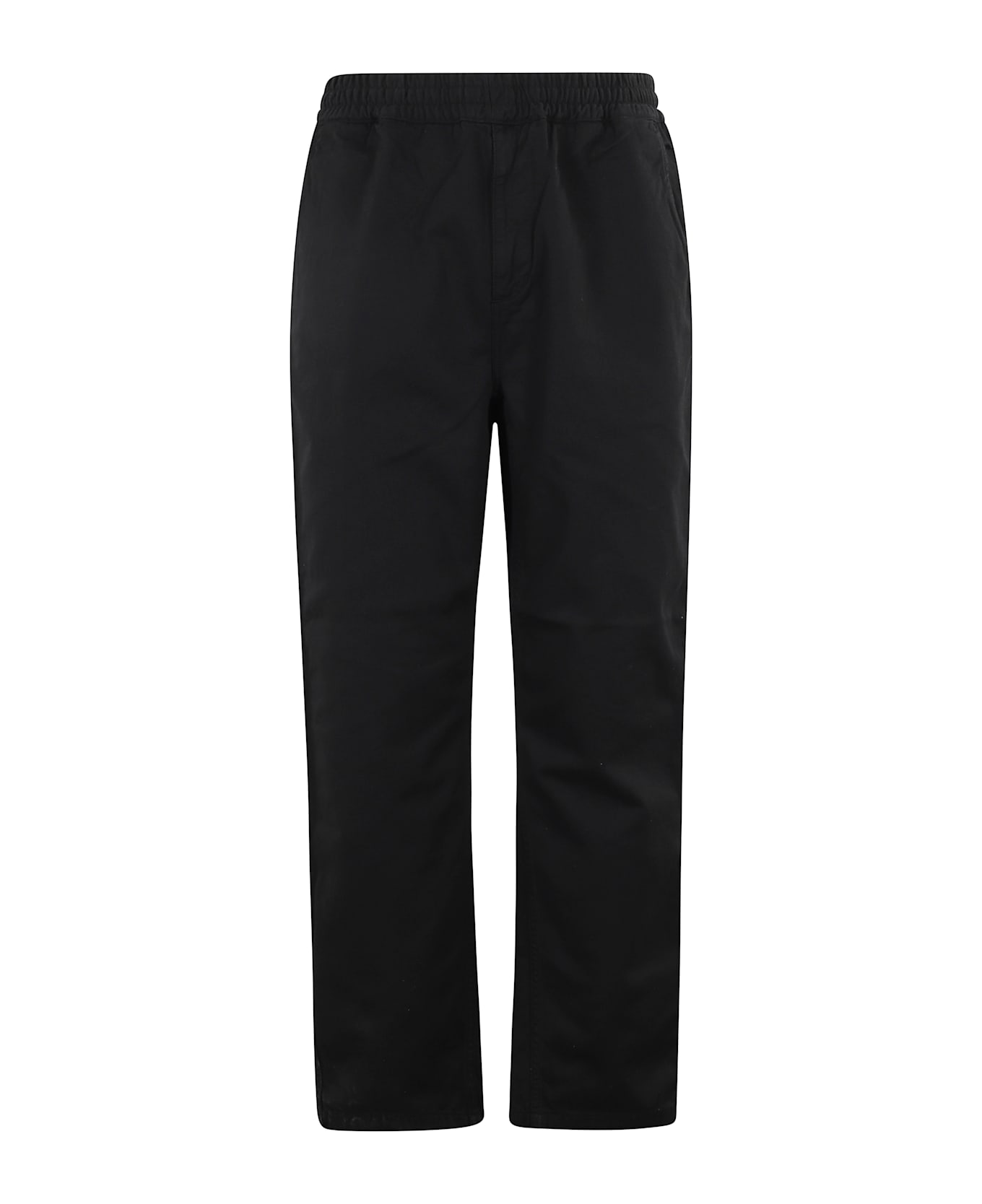 Flint pants - Carhartt Wip - black color - drawstring and elastic waistband - zippered flap - side welt pockets - back patch pockets with sewn-in logo - loose fit
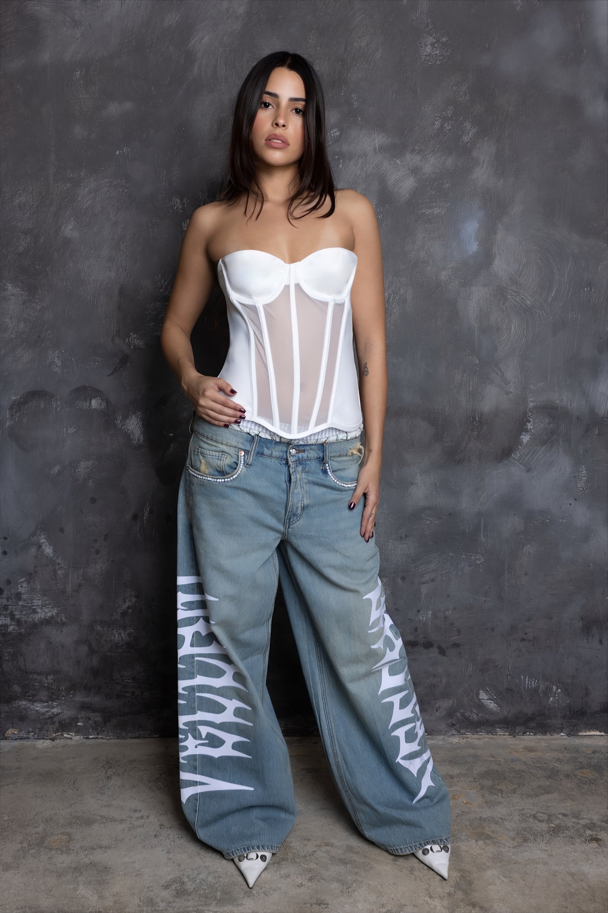 Diseño de Jeans con diseños laterales , detalles en cristales de swarovski en bolsillos y botones un estilo oversize con un corte baggy y una doble pretina .
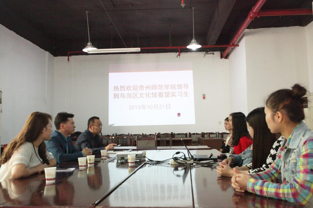 10月21日,williamhill英国官网教务处副处长陈业强、艺术公司党委副书记兼副经理马关辉一行到乌当文化馆看望实习员工,了解员工在实习单位的情况,加强实习过程的管理,解决员工在实习中遇到的困难和问题。
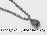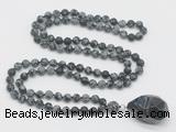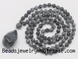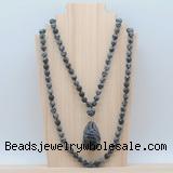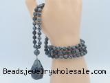Details: Hand-knotted obsidian mala necklaces: 108 8mm/10mm round matte snowflake obsidian beads with agate pendant/12mm guru bead and black & white jasper pendant (you can choose different pendants, but there will be tiny different in shape & color, we will make the jewelry randomly according to our stock) Item: GMN5022 Material: No.1: 8mm: 108 8mm matte snowflake obsidian beads & agate pendant 10mm: 108 10mm matte snowflake obsidian beads & agate pendant No.2: 8mm: 108 8mm matte snowflake obsidian beads, 12mm guru bead & agate pendant 10mm: 108 10mm matte snowflake obsidian beads, 12mm guru bead & agate pendant Color: See image Length (inch): Necklace length: 8mm: approx 37 - 40 inches (Not including guru bead & pendant) 10mm: approx 46 - 50 inches (Not including guru bead & pendant) Pendants: approx 18*35mm - 28*40mm Quantity Discount Pricing: 1 – 4: None 5 – 49: 95% 50 – 99: 90% 100+: 85% This mala is available in both 8mm and 10mm beads, The listed price is for 1 piece 8mm mala necklace
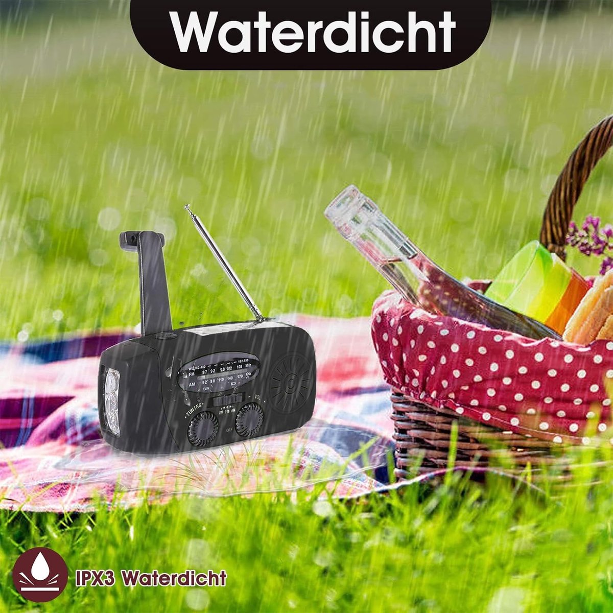 Integreert radio, zaklamp, SOS-alarm en powerbank in één compact apparaat | Geen IP-waterdichtheid of robuuste rating vermeld — onzeker bij zware blootstelling aan regen/sneeuw (bron: productpagina, gecontroleerd 2025) |
★ ★ ★ ★ ★
▸ WORK INSTRUCTIONS
Only the lines starting at the one with "Diseño de Jeans" and ending at the one with "10月21日,william" should be printed, each exactly as it appears in the material above; the pictures are to be omitted.

▸ WRITTEN RESPONSE
 Diseño de Jeans con diseños laterales , detalles en cristales de swarovski en bolsillos y botones un estilo oversize con un corte baggy y una doble pretina .
 10月21日,williamhill英国官网教务处副处长陈业强、艺术公司党委副书记兼副经理马关辉一行到乌当文化馆看望实习员工,了解员工在实习单位的情况,加强实习过程的管理,解决员工在实习中遇到的困难和问题。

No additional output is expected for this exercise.